Connecting the dots: the link between accounting issues and the space shuttle Challenger disaster

Toshiba’s recent accounting issues reflect much deeper fundamental problems – of course.

I see parallels between Toshiba’s accounting issues and the space shuttle Challenger disaster: Nobel Prize Winner Richard Feynman determined that the cause of the space shuttle Challenger disaster was the failure of top management to communicate with the people doing the work (“genba”, 現場): “Appendix F – Personal observations on the reliability of the Shuttle, by R. P. Feynman“.

Space shuttle Challenger’s top management was insisting to keep the planned launch date fearing public relations issues, while the workers and engineers on the ground, “genba”, knew that they were not ready.

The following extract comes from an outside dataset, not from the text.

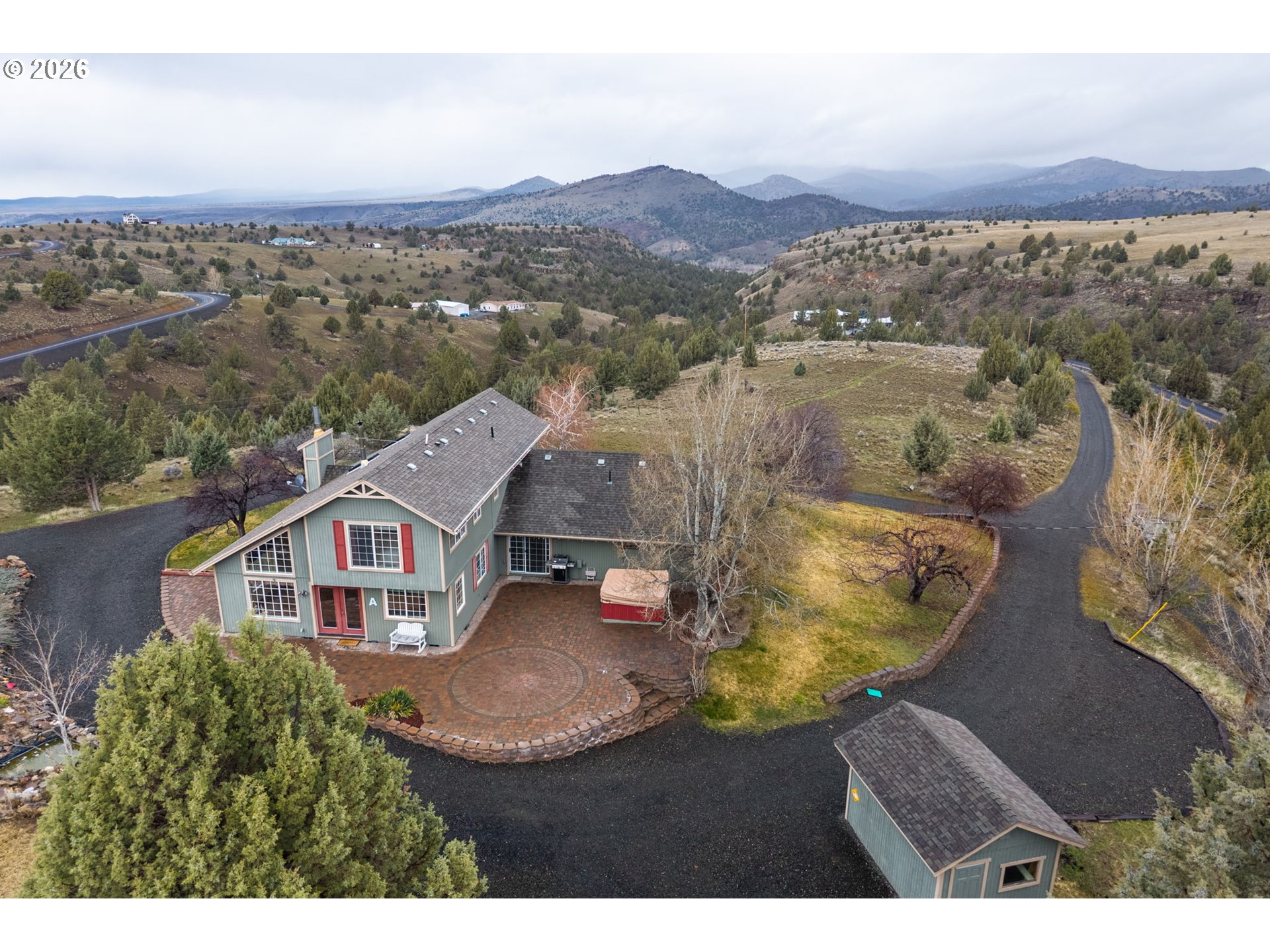 Enjoy wide open space and breathtaking 360° views from this 15.35± acre perimeter-fenced property featuring a 2,238 sq ft two-story home built in 1986. Watch incredible sunrises and sunsets from nearly every direction while enjoying the privacy and usability of your acreage.The kitchen offers an island with cooktop, wine storage, and generous counter space ideal for cooking or baking. There is also space to reinstall a traditional wood cookstove for added charm and functionality. The living room features a cozy woodstove and open sightlines to the kitchen and dining areas, creating a comfortable gathering space. A heat pump provides heating and cooling year-round.The primary suite is located on the second level and includes a walk-in closet and corner shower. On the main level you’ll find a 15’ x 12’ bedroom, a bathroom with walk-in shower, and a flexible room perfect for a home office or hobby space with a slider that opens onto the large paver patio.Outside, the property is set up for country living with a gated entry and circular gravel driveway. Relax in the private hot tub on the patio or enjoy the peaceful pond with waterfall feature.Outbuildings include a 504 sq ft attached garage with built-in shelving and workbench, a 768 sq ft barn for hay or livestock, a lean-to for additional covered storage, and a storage shed. Underground sprinklers, apple, cherry, pear & plum trees & an RV hookup is available.Shared well with a 2,000-gallon cistern.

But top management at space shuttle Challenger did not listen to “genba”.

My advice to Japanese corporations: embrace and learn to love diversity!

Embrace and learn to love diversity! Diversity delivers better results overall. We all learn from each other.

My advice to foreign investment funds seeking more influence on Japanese companies

Shouting at the CEO or Boards of Japanese companies will not help – many foreign activist investors have already proven this fact many times. Insisting on your superior knowledge will not make you many friends – as anywhere else.

You need to develop trust and relationships. You need to start by learning Japanese, understanding Japan, and earn trust and contribute with achievements, or partner with people who have: KKR hired Japan Exchange Group emeritus CEO Atsushi Saito.

There are no increasing numbers of examples, where outstanding Japanese corporations careful listen to outside advice from investors, and thus become even more outstanding: SONY and robotics maker FANUC come to mind.

My advice to foreign companies operating in Japan

Your subsidiary in Japan is a Japanese corporations and needs corporate governance. There have been a long list of corporate governance failures leading to huge problems and losses at foreign subsidiaries in Japan, in the financial sector, the elevator sector, the pharmaceutical sector and several others.

Make good use of the Board of Directors of your Japanese subsidiary corporation.